- Directed by: Jason William Lee
- Written by: Jason William Lee
- Produced by: Dalj Brar
- Starring: Debs Howard; Danny Zaporozan; Behtash Faziali; Ian Collins; Marina Pasqua; Kylee Bush;
- Cinematography: Cole Graham
- Edited by: Michael Gyori Jason William Lee
- Music by: Sam Levin
- Production company: Sandcastle Pictures
- Release date: 19 August 2016 (UK);
- Running time: 90 minutes
- Country: Canada
- Language: English

= The Evil in Us =

The Evil in Us is a 2016 Canadian zombie horror film directed by Jason William Lee, starring Debs Howard, Danny Zaporozan, Behtash Faziali, Ian Collins, Marina Pasqua and Kylee Bush.

==Cast==
- Debs Howard as Brie Armstrong
- Danny Zaporozan as Steve Ridley
- Behtash Faziali as Bash Gill
- Ian Collins as John Wheeler
- Marina Pasqua as Roxanne Bouchard
- Kylee Bush as Trish Walker
- Robert Leaf as Senator Elias Cob
- John Gillich as Detective Jake Strudwick
- Gary Starkell as Raymond Ford
- Jerome Velinsky as Detective Rick Evans
- Patrick Gaites as Roy Collins
- Tatyana Forrest as Zoe Kieslowska
- Becky Hachey as Dr. Amy Nichols
- Gabriel Carter as Officer Mitchell
- Dayleigh Nelson as Officer Drake

==Reception==
Gareth Jones of Dread Central rated the film 3 stars out of 5 and wrote that the film "winds up being a solid, undemanding watch for fans of the genre."

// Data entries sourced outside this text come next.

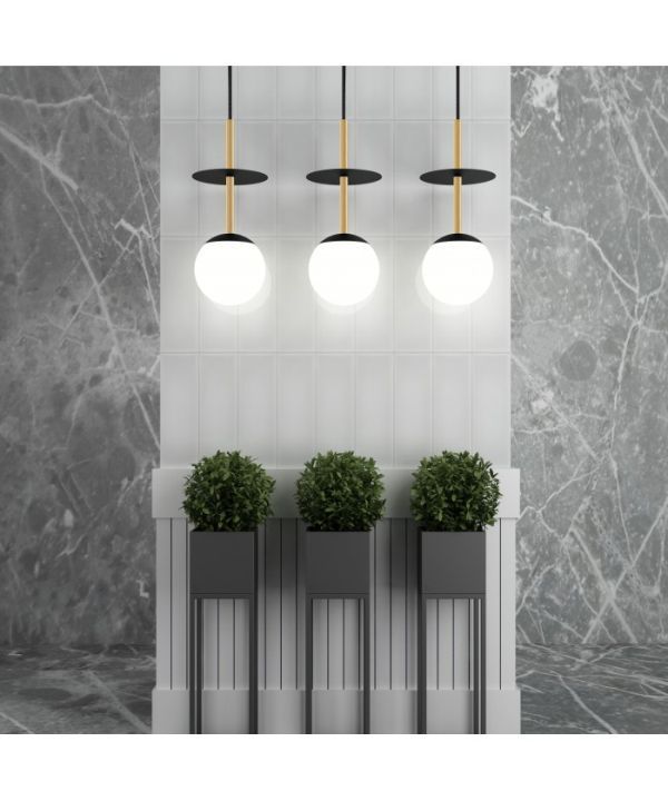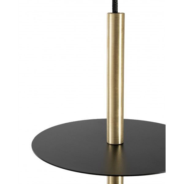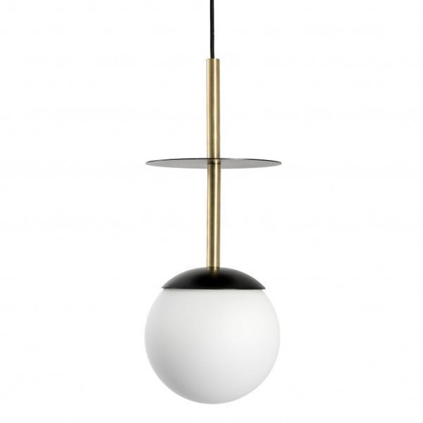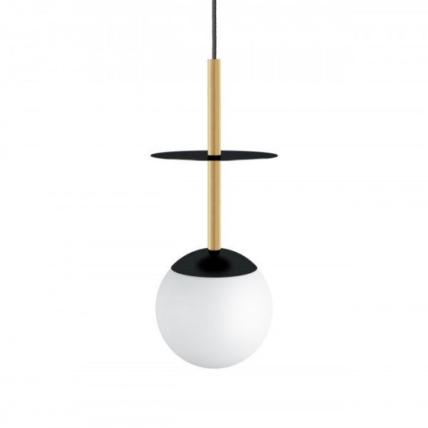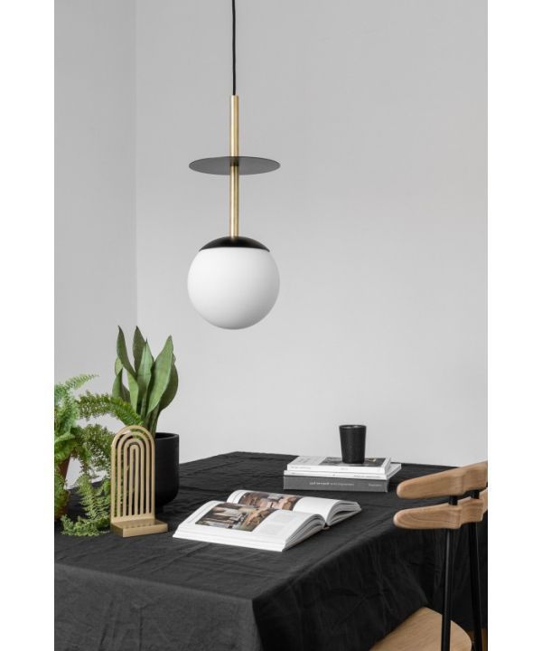 Lampa sufitowa Plaat Brass w nowoczesnym stylu wpasuje się w jasne wnętrza. Piękny, mleczny klosz a nad nim czarny dysk ukazują piękno z pozoru prostej lampy. Złote mocowanie również dodaje lampie elegancji.
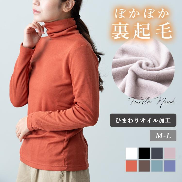 - カットソー 長袖 レディース 裏起毛 タートルネック しっとり ひまわりオイル加工 tシャツ 暖かい オフィス おしゃれ 秋 冬
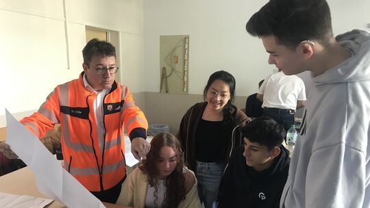 Michael Herbster (von links) informierte Emma Grunwald, Elena Nguyen, Alexander Filippidis und Elias Kirchner über den Beruf des Brückenbauers. Foto: Josef Nürnberg bj
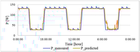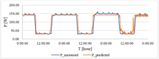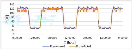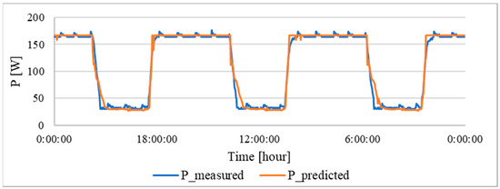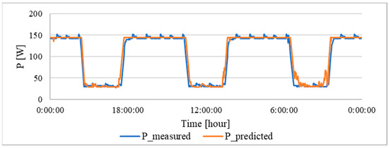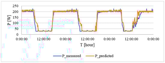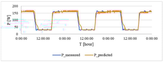 The results show that a waveform has been achieved that passes through the centre of the measured data. This indicates an optimum relationship between input and output. Due to the greater variance of the input data, lower accuracy values were obtained than for the individual models. Overall, the following parameters were achieved: a RMSE of 12.83 W, a correlation coefficient of 0.863 and an R2 coefficient of 0.744. From these data, it can be seen that, even for a given range, a high level of prediction is still achieved.
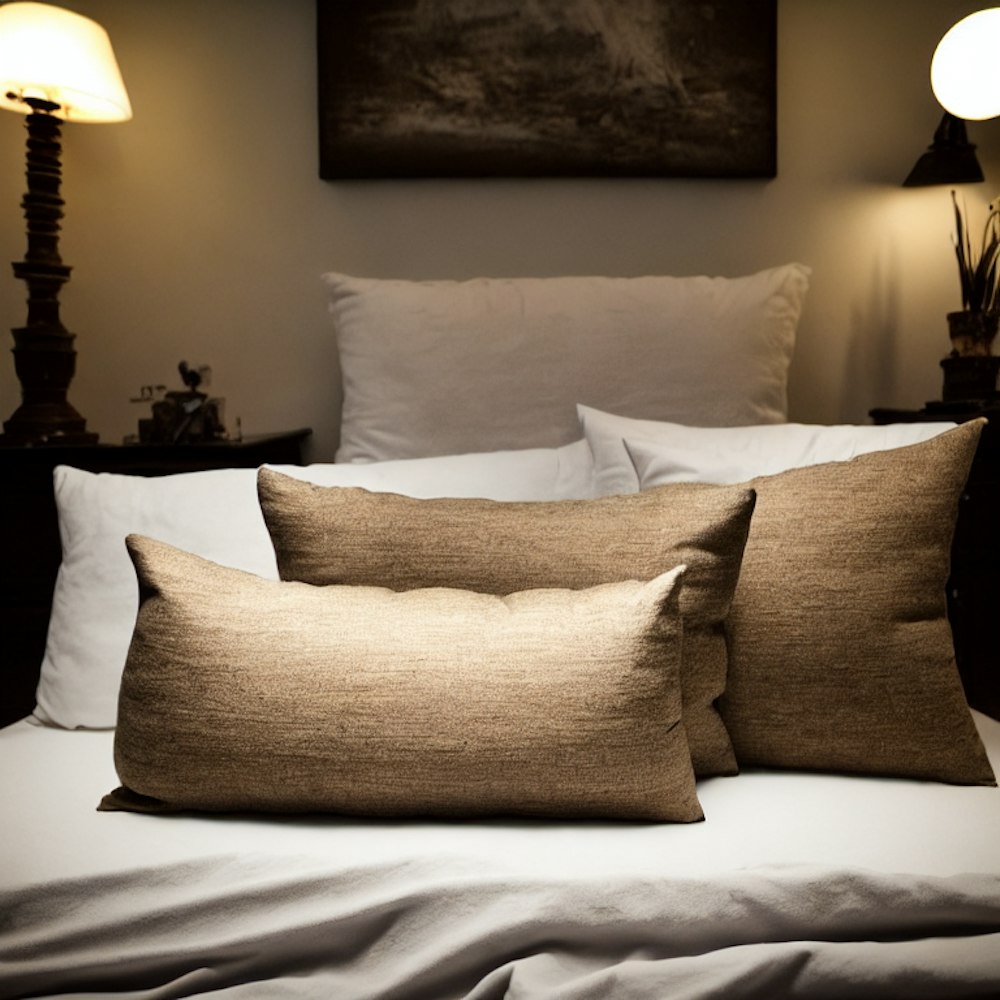 one simple pillow in a large bed, text on pillow "Granluar Echoes", lofi style,
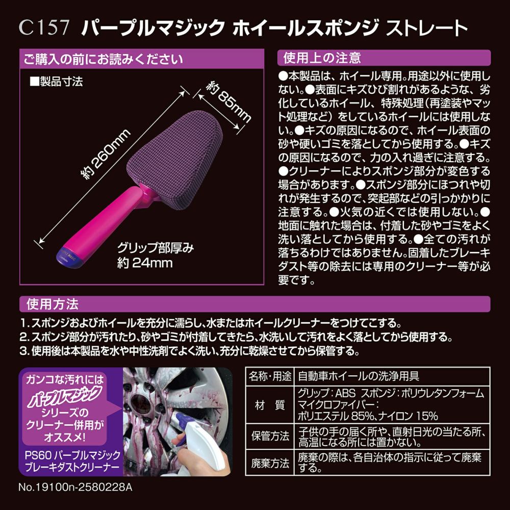 他の画像を見る ホイール洗浄専用スポンジ C157 パープルマジック ホイールスポンジ ストレート 生産終了 販売価格 ¥ 1,100 税込 専用だから、汚れが落ちる。ホイールの形に合わせて開発したホイール洗浄専用スポンジ! 詳細を見る お気に入りに登録する

Cleaver Patterson of Scream rated the film 3 stars out of 5 and wrote that while the film is "unlikely to bring much in the way of lasting life to the zombie movie sub-genre", as a "satirical take on the corruption of American politics and big business, coloured with a heavy dose of blood red horror, the result should get the popular vote amongst horror fans everywhere."

Film critic Kim Newman wrote that the film is mostly an "essay in the Cabin Fever cycle in which shallow, pretty folks tear into each other – their great faces, neato hair and trim bods are established lovingly early on, all the better to contrast with the way they look after they’ve had chunks bitten out of their faces, been set on fire, suffered scratching and clawing and generally abused themselves and each other."